Apakah kata ‘kafir’ merupakan kosa kata baru di Indonesia? O, tentu tidak. Sudah lama tercatat di Kamus Besar Bahasa Indonesia (KBBI). ‘Kafir: orang yang tidak percaya kepada Allah dan rasul-Nya.’ Tu kan, artinya gamblang dan mudah dipahami. Trus mengapa diperdebatkan sedemikian hebatnya? Lebih tidak masuk akal lagi, hanya karena memperdebatkan satu kata yang sudah terang benderang itu, sesama anak bangsa, sesama orang Islam, sesama ormas malah berantem. Gagal faham!
Untuk memahami ini, saya tidak ingin mengacu kepada teori-teori berat atau Wahyu dan Sunnah. Rasanya, sudah sangat banyak dibahas oleh para ‘alim dan tidak perlu diperdebatkan. Yang jelas, Wahyu dan Sunnah itu sudah lebih jelas dari KBBI. Jika ada yang tidak jelas, saya yakin itu pasti orang yang membahasnya yang tidak jelas, hehe.
Sederhananya begini, saya pakai analogi saja. Si Fulan adalah anak yang bodoh karena ia tidak mau belajar dengan baik. Si Fulanah anak yang pintar karena ia rajin belajar. Nampaklah perbedaan antara Si Fulan dan Fulanah. Fulan anak bodoh dan Fulanah anak pintar. Klir!
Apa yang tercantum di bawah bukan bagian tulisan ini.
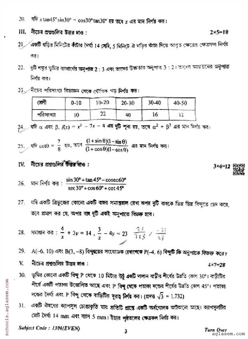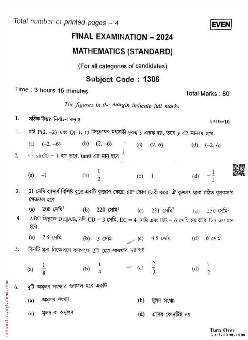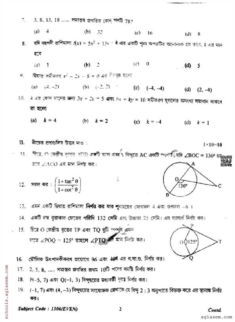 To help students achieve better results, we have provided the TBSE Madhyamik Mathematics Standard Question Paper here at aglasem.com. This question paper can be downloaded in PDF format for offline practice.

Adakah yang salah dengan kata ‘bodoh’ di dalam analogi ini? Tidak, saya rasa. Kata ‘bodoh’ menjadi kata sifat pembeda atau kata keterangan yang menyifati kata benda (Si Fulan). Ia memberi keterangan siapa Si Fulan yang tentunya sekaligus menjadi pembeda dengan yang lainnya (Si Fulanah).
Apakah kata ‘bodoh’ menjadi negatif pada kasus ini? Tidak. Lantas kapan kata bodoh itu tidak elok diucapkan? Ketika ia digunakan untuk menghina, merendahkan, mencaci maki, menghardik, dan lain sebagainya. Contoh, ‘Bodoh, sini kau!’, ‘Jangan duduk di sana, bodoh!’, ‘Dasar bodoh, gitu aja diperdebatkan!’. Kata ‘bodoh’ dalam kalimat-kalimat semacam ini yang tidak boleh.
Perhatikan juga kata ‘bodoh’ dalam kalimat berikut. ‘Ya Allah, ampunilah dosa hamba yang bodoh ini’. Kalimat doa yang diucapkan dengan sungguh-sungguh untuk meminta ampun kepada Allah. Kata ‘bodoh’ di sini menjadi positif yang menunjukkan ‘kehambaannya’ kepada Allah.
Jelas sekali bagaimana sebuah kata sangat tergantung pemakaiannya. Jadi bukan katanya yang diperdebatkan, tapi siapa, bagaimana, kapan, dalam situasi seperti apa kata itu digunakan (kontekstual). Kata apa pun itu. Kata ‘non muslim’ pun kita pakai, jika itu digunakan dengan niat atau cara yang salah, tetap maknanya juga tidak baik.
Kembali ke pangkal kaji, jadi bukan kata ‘kafir’ itu yang semestinya kita perdebatkan, tapi bagaimana kata itu digunakan. Mendidik anak-anak bangsa ini untuk menggunakan kata-kata dengan baik. Saya rasa, yang perlu kita ingat adalah, jangan menggunakan kata ‘kafir’ untuk menghina, merendahkan, mencaci maki, menghardik, orang lain (atau orang yang beragama lain). Lebih-lebih dalam konteks menjaga kerukunan dan kedamaian di dalam berbangsa dan bernegara.
Kesimpulannya, bukan kata ‘kafir’-nya yang salah tapi bagaimana kata itu digunakanlah yang harus diperhatikan. Sebuah kata bebas nilai. Penggunanyalah yang memberi nilainya; baik atau buruk. Kata ‘suci’ pun jika digunakan dengan ‘kotor’ maka ia akan bernilai kotor. Semoga kita selalu menjaga kebersihan pikiran, lidah dan hati agar kata-kata yang keluar selalu bernilai baik. Amin.